# Anyone gotten relief from breathing?



## 15976 (Nov 22, 2006)

A doctor today said if you don't breathe properly, you end up using your kidneys to breathe. I guess this is adrenal breathing and constantly releases adrenaline into the body.Has anyone "cured" their IBS or anxiety by proper breathing? I have tried to change my breathing but it will take more work. I haven't been able to keep anxiety attacks away by breathing through them. Just wondering.


----------



## 19596 (Jan 3, 2007)

hi kadi to am trying to breathe through my panic spells properly but i keep getting it wrongi know its suposed to be in through the nose and out throug mouthwas told to breath in 1 elephant 2 elephant 3 elephant 4out 4 elephant 5 elephant 6but i always forget to just breathe in through nose not mouth so not havin much success if you here of anyone else with tips we need them


----------



## 21185 (Dec 31, 2006)

That's funny you brought that up.
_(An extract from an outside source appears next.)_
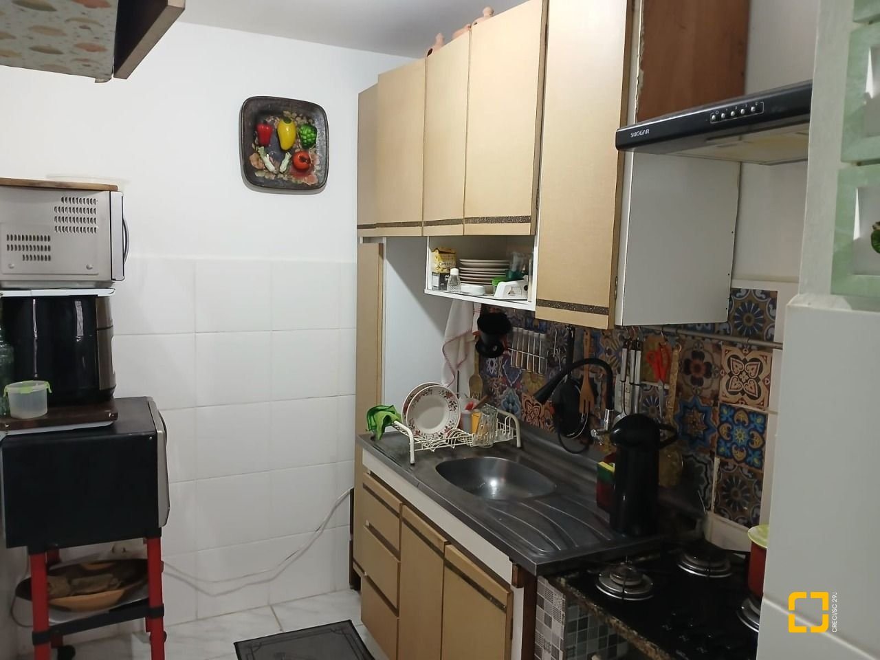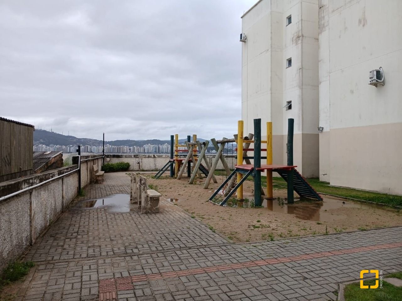 Apartamento de 2 dormitórios ,living com sacada e churrasqueira,cozinha e área de serviço,localizado no Balneário Estreito ao lado mar,o condomínio com estacionamento,playground,zelador,interfone e gás central.

Don't know about the kidney thing, but sometimes I forget to breath--very shallow breath--and then I think about it and make a heavy breath (sigh).I do know that when I get panic attacks, I purposefully breath very slowly and from very deep in the diaphram.Perhaps because I don't breath completely could be why I'm so tired all the time.


----------



## 14480 (Sep 3, 2006)

I've wondered about this myself. I know that I do not breathe properly most of the time... and it definitely contributes to my panic attacks. I've tried soem exercises but they ended up making me more frustrated than calm. I just try to physically force my body to relax since I have a tendency to tense up a lot.. and then my slower and deeper breathing follows.


----------



## Rachel (Dec 31, 1998)

...


----------



## 20088 (Apr 11, 2007)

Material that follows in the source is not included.